TASK STATEMENT. Write out the listing from the line with "в App Store" to the line with "Tropical Nature Landscape", both lines included, exactly and nothing beyond. Leave pictures out.

DATA FOR REVIEW.
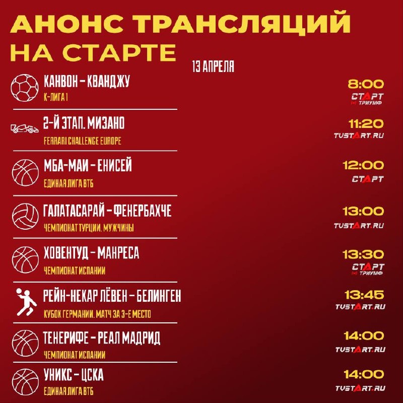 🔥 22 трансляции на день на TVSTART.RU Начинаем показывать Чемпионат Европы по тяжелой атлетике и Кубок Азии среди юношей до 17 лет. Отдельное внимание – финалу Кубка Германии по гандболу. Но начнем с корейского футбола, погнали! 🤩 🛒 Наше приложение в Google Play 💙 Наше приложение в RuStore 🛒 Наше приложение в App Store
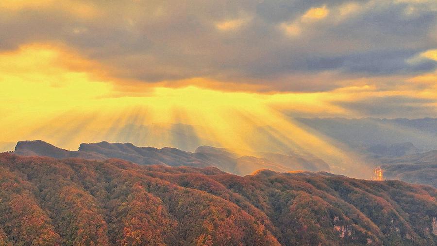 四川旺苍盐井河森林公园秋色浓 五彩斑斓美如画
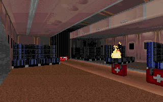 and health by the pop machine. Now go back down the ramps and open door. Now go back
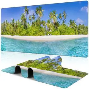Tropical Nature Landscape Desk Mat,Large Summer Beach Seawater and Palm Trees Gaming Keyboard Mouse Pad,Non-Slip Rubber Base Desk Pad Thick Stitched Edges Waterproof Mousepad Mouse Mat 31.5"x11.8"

---

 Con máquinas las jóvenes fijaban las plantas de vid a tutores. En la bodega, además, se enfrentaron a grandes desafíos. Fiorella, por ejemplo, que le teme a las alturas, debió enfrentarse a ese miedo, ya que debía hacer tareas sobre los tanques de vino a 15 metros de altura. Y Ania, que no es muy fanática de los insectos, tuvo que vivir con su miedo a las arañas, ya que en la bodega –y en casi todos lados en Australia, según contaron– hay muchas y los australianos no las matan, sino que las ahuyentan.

--

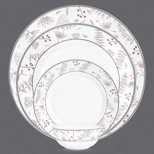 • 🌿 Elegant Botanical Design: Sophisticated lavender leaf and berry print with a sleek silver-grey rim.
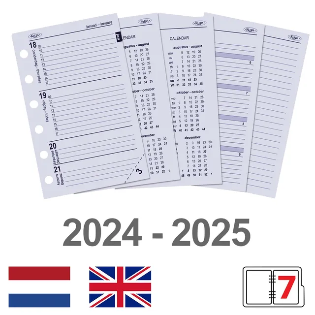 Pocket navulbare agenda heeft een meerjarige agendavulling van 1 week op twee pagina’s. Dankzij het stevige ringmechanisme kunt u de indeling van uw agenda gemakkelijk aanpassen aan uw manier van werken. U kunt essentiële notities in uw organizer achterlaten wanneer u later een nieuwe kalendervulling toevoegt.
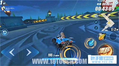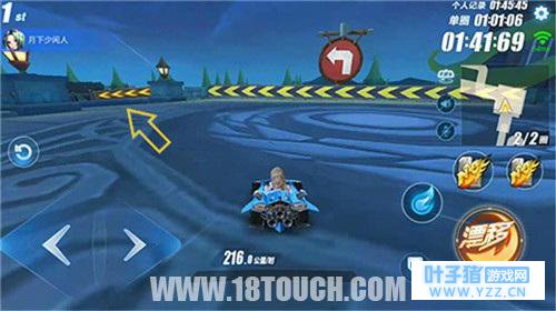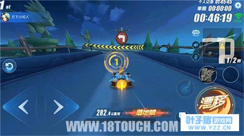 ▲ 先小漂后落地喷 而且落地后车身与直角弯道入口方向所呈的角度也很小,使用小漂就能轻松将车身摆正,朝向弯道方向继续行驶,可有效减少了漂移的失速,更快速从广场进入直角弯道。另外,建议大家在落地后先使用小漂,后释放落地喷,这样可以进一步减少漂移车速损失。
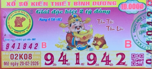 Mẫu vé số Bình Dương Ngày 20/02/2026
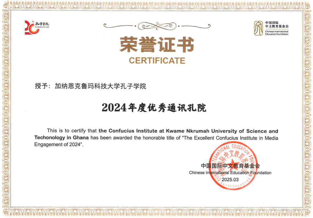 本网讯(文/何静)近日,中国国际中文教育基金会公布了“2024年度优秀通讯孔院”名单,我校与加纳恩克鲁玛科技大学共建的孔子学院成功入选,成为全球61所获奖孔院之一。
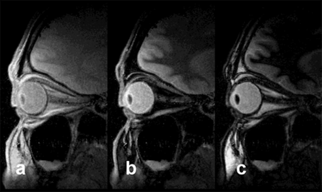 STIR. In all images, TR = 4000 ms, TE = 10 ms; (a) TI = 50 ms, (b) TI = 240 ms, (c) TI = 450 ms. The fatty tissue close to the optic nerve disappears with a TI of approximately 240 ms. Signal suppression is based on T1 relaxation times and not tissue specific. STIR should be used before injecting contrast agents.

SOLUTION FOR THIS PROBLEM.
 🔥 22 трансляции на день на TVSTART.RU Начинаем показывать Чемпионат Европы по тяжелой атлетике и Кубок Азии среди юношей до 17 лет. Отдельное внимание – финалу Кубка Германии по гандболу. Но начнем с корейского футбола, погнали! 🤩 🛒 Наше приложение в Google Play 💙 Наше приложение в RuStore 🛒 Наше приложение в App Store
 四川旺苍盐井河森林公园秋色浓 五彩斑斓美如画
 and health by the pop machine. Now go back down the ramps and open door. Now go back
Tropical Nature Landscape Desk Mat,Large Summer Beach Seawater and Palm Trees Gaming Keyboard Mouse Pad,Non-Slip Rubber Base Desk Pad Thick Stitched Edges Waterproof Mousepad Mouse Mat 31.5"x11.8"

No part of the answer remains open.